Hepinizin bayramı musmutlu geçmesi dileğiyle 🙏🏻😘 iyi okumalar...
İncirli mahallesinin keskin bıçak gibi sessizliği ve karanlığı burada yaşayan insanları ürpertmiyor değildi. Bu hengamede biri birini öldürse kimsenin ruhu duymazdı. Hafif esen rüzgarın ardından damla damla yere düşen yağmur, mahalleye ayrı bir esrarengiz hava katıyordu.
Çöpün arkasında nefessiz saklananlar, Hakan'ın gazabına uğramaya hazır bekliyordular. Tam o sırada saklandıkları sokağın girişinden kıkırdama sesleri ve söylenen değişik bir şarkı kulaklara ağır bastı. Kimdi bu saatte bu curcunayı yaratan?
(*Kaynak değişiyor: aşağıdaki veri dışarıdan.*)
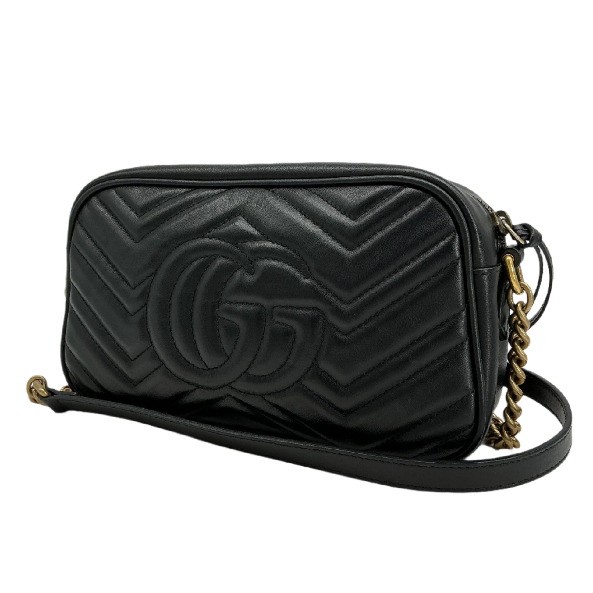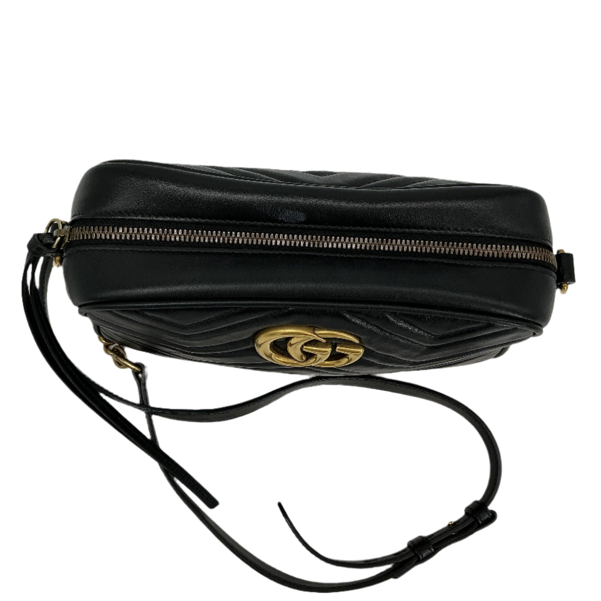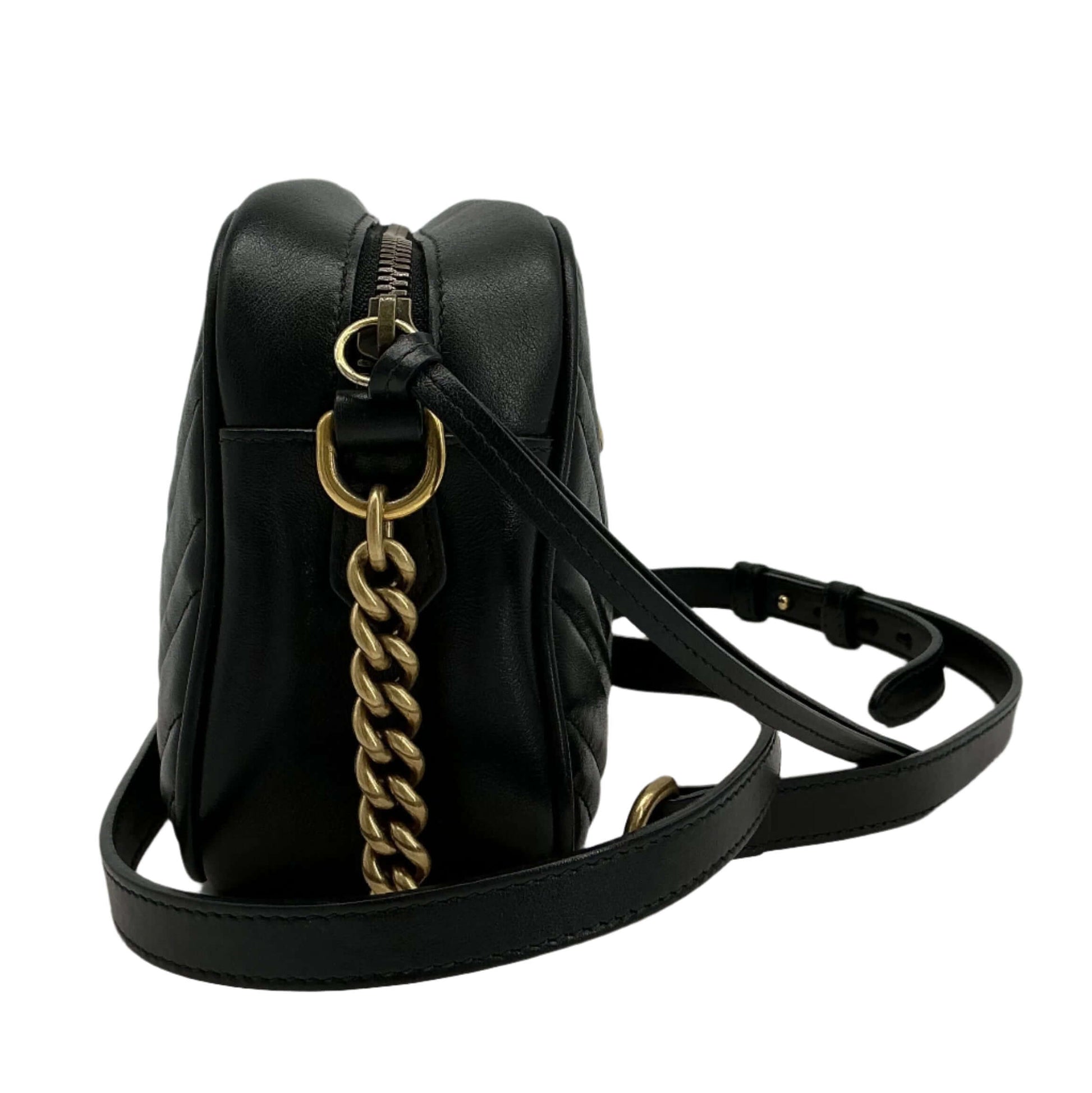 Gucci GG Marmont Small Matelassé Chevron Camera Bag – Black

Gelen kişi Martı ve Çeto'dan başka kimse değildi. Elindeki pamukla ne yaptıkları malumdu, tiner illetini çekmekten hiç bir zaman vazgeçmeyen bu iki arkadaşı, mahallede ki herkes tanırdı.
Çeto, bir iki yaş büyüktü Martıdan. Yıllar önce cami avlusuna bırakılan bu iki dost, kardeş değillerdi. Tesadüfen biri ön kapıya diğeri de arka kapıya bırakılmıştı. O günden sonra kaderleri belli olmuştu.
Mahallenin iki sokağında kütüphane açan Derdüş abla ikisine de destek çıkıp yardım eli uzatmıştı. Kitabevinde onlara uygun bir iş vermiş, biraz da olsa kötülüklerden uzak tutmuştu.
Kütüphaneyi onlara emanet eder istediği zaman çıkar giderdi, Çeto ve Martı kitapları düzeltir arada yerlere paspas çekerlerdi. Hak ettiği parayıda her zaman verirdi Derdüş abla ama bu iki arkadaş bir kere bile kitaplara dokunmamış çocuklar olarak sıkılmıştılar.
Derdüş ablalarını onlar da terk etmişti ama arada gidip hal hatır sorarlardı. Ne de olsa kadın onları hiç bir zaman açta açıkta bırakmamıştı. İyi kadın, merhametli kadındı Derdüş abla.
Martı'nın bir adı yoktu. Küçüklükten beri birleşik olan kaşları ona bu ismi kazandırmıştı. Bu ismi ona tek dostu, yoldaşı olan Çeto vermişti. Kafalar bir hoşken sokağın ortasında seslendirdikleri şarkı ile kafalarını elleri cebinde olan Hakan'a çevirdiler.
Bir sevinçle söyledikleri şarkı kursaklarında kalmıştı. Biliyorlardı, Hakan ellerindeki pislikleri görünce azarlayacak, kızacaktı. Çeto'nun giydiği uzun kollu bol yeşil tişörtü kalçasına kadar uzanıyordu, giydiği yırtık pantolonunu mahallenin çöpünden aldığı belliydi. Martı'nın giydiği deri siyah ceketi, rengi solmuş pantolonu ile hiç mi hiç uymamıştı, pekte umursuyormuş gibide gözükmüyorlardı.
Hakan bu çocukların ellerine para sıkıştırır, kendilerine yeni kıyafetler almalarını isterdi ama verilen o paraları her zaman kullandıkları illetler için harcarlardı. Onlar için kıyafetin, sığınağın ve sıcaklığın bir önemi yoktu. Onları daha el kadarken cami avlusuna bırakan aileleri düşünmüyorsa, kendileri bunu o zaman hiç dert etmezdi.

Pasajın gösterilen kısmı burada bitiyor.